The Interim Union Budget for 2024-25, presented on February 1, 2024, by Finance Minister Nirmala Sitharaman, allocated a record Rs 6.21 lakh crore to the Ministry of Defence. This figure represents a 4.72% increase over the previous fiscal year, showcasing the government’s commitment to strengthening India’s defence capabilities. As we approach the upcoming full budget in July 2024, this comprehensive analysis provides insights into how this increased allocation will influence the defence sector and what it signifies for future fiscal policies.
A significant portion of the defence budget, Rs 1.72 lakh crore or 27.67%, has been earmarked for capital acquisitions.

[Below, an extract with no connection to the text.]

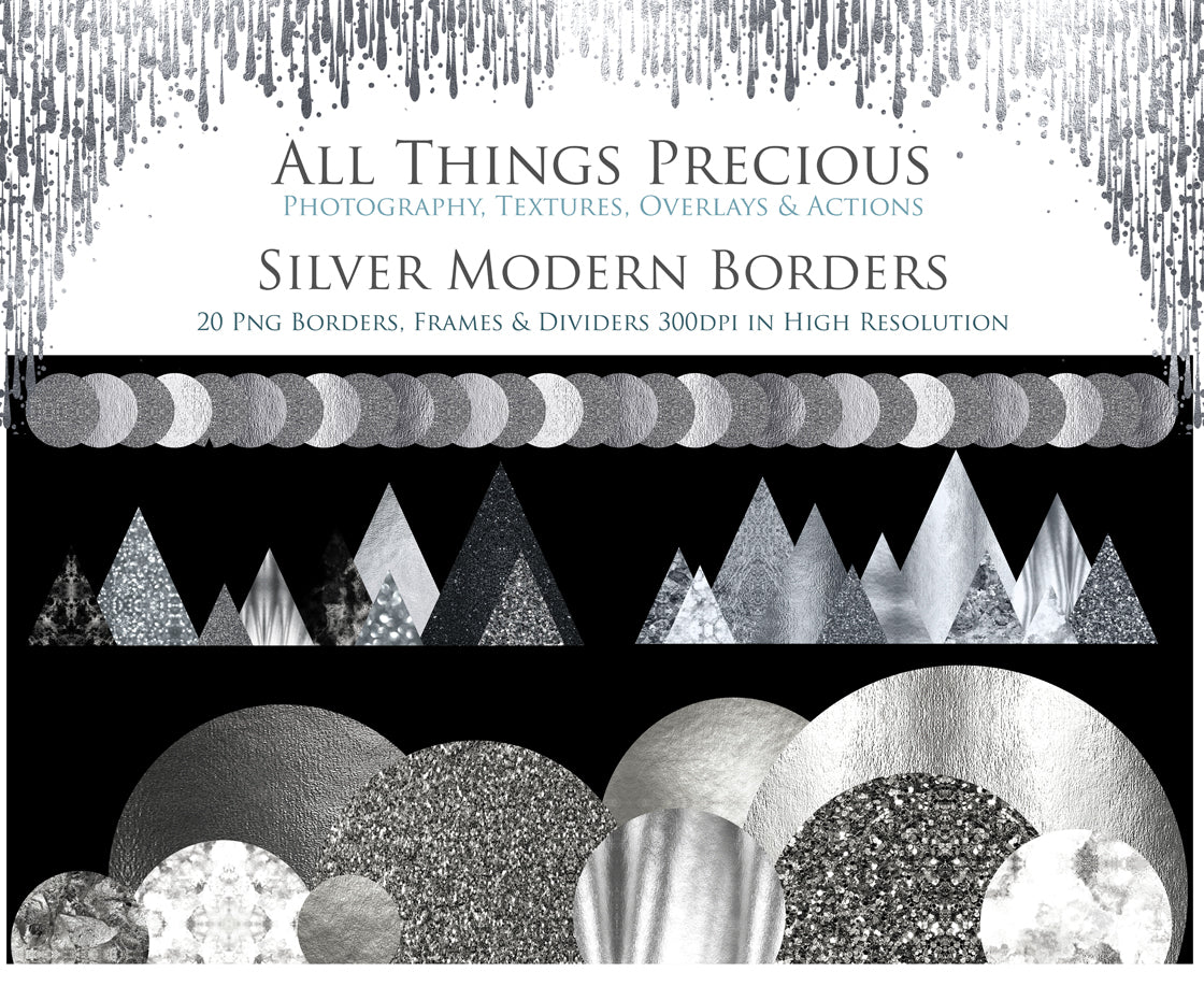 Gorgeous Modern Silver Borders, Dividers & Frames. A lovely addition to your beautiful photography, scrapbooking or digital art work!

This allocation is crucial for modernising the armed forces, including the procurement of advanced weapon systems, fighter aircraft, ships, unmanned aerial vehicles, and specialist vehicles.
For the fiscal year 2024-25, Rs 92,088 crore has been allocated for revenue expenditure other than salary, which is 48% higher than the budgetary allocation for FY 2022-23. This allocation ensures the sustenance and operational readiness of the armed forces, covering maintenance facilities, ammunition procurement, resource mobility, and day-to-day operational costs.
The budgetary allocation for defence pensions has increased to Rs 1.41 lakh crore, reflecting a 2.17% rise from the previous fiscal year. This amount will cover monthly pensions for approximately 32 lakh pensioners through the SPARSH system and other pension disbursing authorities. Additionally, the Ex-Servicemen Welfare Scheme has seen a 28% increase in allocation, reaching Rs 6,968 crore.
Overview of defence allocation and percentage change over previous budgets
Particulars | Amount (Rs lakh crore) | % change from previous budget |
Budget 2022-23 | 5.25 | 4.78% |
Budget 2023-24 | 5.94 | 13.14% |
Budget 2024-25 | 6.22 | 4.72% |
The Indian government’s unwavering commitment to bolstering national security is driving significant developments in both the country’s defence strategy and its domestic defence industry. This focus, as recently emphasized by Defence Minister Rajnath Singh, is translating into a positive outlook for defence stocks in India.
Singh’s visit to the Eastern Naval Command in Visakhapatnam marked his first outstation visit after assuming office for a second term. During the visit, he underscored the government’s resolve to further strengthen maritime security and solidify India’s naval presence in the Indian Ocean Region (IOR). This renewed emphasis on maritime security comes alongside increased budgetary allocations and policy measures aimed at propelling the domestic defence industry forward.
This focus on domestic production aligns perfectly with the recent rally witnessed in defence stocks. The past three days have seen a surge in defence stocks, with companies like Paras Defence and GRSE experiencing significant gains. This rally can be partly attributed to the Ministry of Defence issuing a request for proposal to procure Light Combat Helicopters from Hindustan Aeronautics Limited (HAL) – a move valued at a staggering Rs 50,000 crore. This hefty order, the largest single helicopter order placed with an Indian company, signifies the government’s commitment to the “Make in India” initiative for defence production.
Minister Singh’s ambitious target of generating Rs 50,000 crore worth of military exports annually by 2028-2029 further fueled the positive sentiment in the defence sector. This target, coupled with the record-breaking Rs 21,083 crore of defence exports achieved in the previous financial year, paints a promising picture for the future of India’s defence industry.
While the details of the upcoming July 2024 budget are yet to be announced, the trends observed in the February 2024 interim budget and pronouncements from Defence Minister Rajnath Singh provide valuable insights. We can expect the upcoming budget to continue prioritizing:
As we await the full budget in July 2024, these allocations set the stage for continued investment in defence, aligning with the government’s vision of a confident and strong India. The positive response from the stock market and the focus on defence exports further highlight the potential economic impact of these investments, positioning India as a reliable global defence equipment supplier.
Disclaimer: This blog has been written exclusively for educational purposes. The securities mentioned are only examples and not recommendations. The information is based on various secondary sources on the internet and is subject to change. Please consult with a financial expert before making investment decisions.